On the one hand, this service is underutilized: less than half of adults over 85 use it. On the other hand, “many people mistakenly believe that home agencies will provide in-house support staff and help with all the functional issues that arise at the end of life,” explained Ashwin Kotwal, MD, assistant professor of medicine in the department of geriatrics at the University of California-San Francisco School of Medicine.

But in reality, these agencies provide intermittent care and rely heavily on family members who can help with activities such as bathing or feeding. Some agencies won’t even accept people who don’t have caregivers, Kotwal said.

Then there are the hospitals. If an older person is conscious, staff can talk to them about their priorities and help them make important medical decisions, explained Paul DeSander, chief of palliative and supportive care at Grady Health System in Atlanta.

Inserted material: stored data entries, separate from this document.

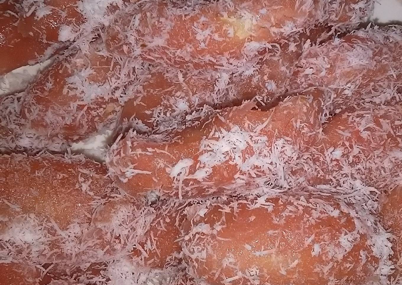 - Parut kasar kelapa. Kemudian bagi 2 bagian
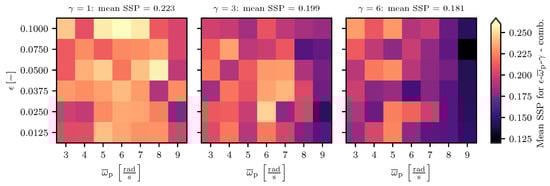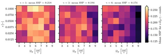 The trends observed in the aforementioned examples were repetitive across all 630 instances in the assimilation task, which is summarized in Figure 8, where the SSP value represents the average error across the real and imaginary parts of each sample. Each cell in the figure corresponds to the mean SSP achieved for all five samples of a specific –– combination, where the determined value was rounded to the nearest integer for this illustration. Notably, the errors tended to decrease as the value increased. The frequency dependence aligned with the inherent preference of PINNs for successive solving from lower to higher frequency components cf. [13] when considering that higher frequencies of the carrier wave resulted in smoother, lower-frequency envelopes , while lower frequencies of the carrier wave resulted in higher-frequency envelopes . Moreover, Figure 8 illustrates a general error increase as the peak enhancement factors decrease or the steepness values slightly increased. As proven by Appendix A.2, these observations were not attributable to the PINN method itself but rather aligned with the model misspecification. Specifically, the NLSE was limited for narrow-band and small-amplitude waves, while the ground truth HOSM data seem to exceed its validity range for increasing and a broader spectra.
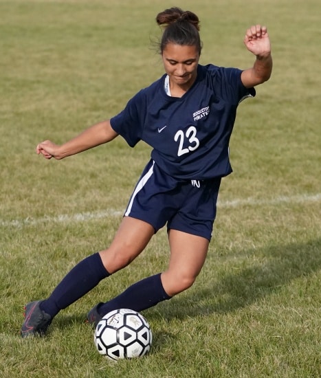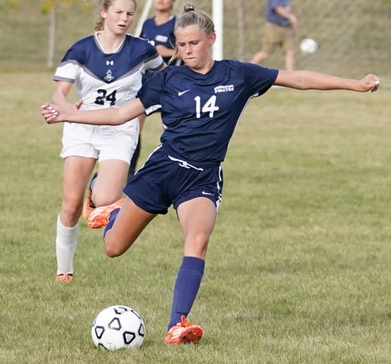 Crookston had a good start to the second half as they had a couple of decent scoring opportunities, but the Hibbing speed was able to stop a quality scoring chance. A little over halfway into the half and Hibbing beat the Pirate defense and Emma Burkes, using her speed, kicked the ball into the net for a 1-0 lead. Hibbing continued to put the pressure on Crookston and rolled a shot on goal and the Pirate goalie couldn’t scoop it up cleanly and it popped loose and Emma Burkes scored the second goal of the game for a 2-0 lead with 1:35 left in the game.

If the person is disoriented or unconscious, which is common, staff try to identify someone who can find out what the patient wants at the end of their life and perhaps serve as their legal representative. Most states have laws appointing pre-selected representatives, usually family members, for those who have not previously chosen one.

If no one is found, the hospital goes to court to request legal guardianship, and the patient becomes under the guardianship of the state, which bears legal responsibility for end-of-life decisions.

In extreme cases, when no one responds, a person who dies alone may be classified as “unclaimed” and buried in a mass grave. This is also becoming more common, according to the book “Unclaimed: Abandonment and Hope in the City of Angels,” published last year.

Dr. Shoshana Ungerleider founded End Well, an organization dedicated to improving end-of-life experiences. She suggested identifying older people who live alone and suffer from serious illnesses early and provide them with broader support. He recommended staying in touch with them regularly through calls, video calls or text messages.

He noted that not all elderly people have the same priorities at the end of life. Every one is different.

For example, Bardeen, a widow in Massachusetts, focused on preparing in advance: she had already organized all the legal and financial matters, as well as her funeral affairs.

“I’ve been very lucky in life. You have to look back and be grateful for the good things, instead of focusing on the bad,” she told me. Regarding imagining his death, he commented, “It will be as it should be. We have no control over those things. I think I would like someone to be with me, but I don’t know what it would be like.”

Some people want to die as they lived: alone. One of them is Elva Roy, 80, founder of Age-Friendly Arlington in Texas, who lived alone for 30 years after being divorced twice.

When I spoke with her, she told me that she had often thought about dying alone, and was considering the option of a medically assisted death, perhaps in Switzerland, if she became terminally ill. It’s a way to maintain the sense of control and independence that has supported her throughout her life as an older adult.

“Honestly, I don’t want anyone by my side if I’m emaciated or weak or sick,” Roy said. “It wouldn’t comfort me to have someone holding my hand, wiping my forehead, or watching me suffer. I feel good about the prospect of dying alone.”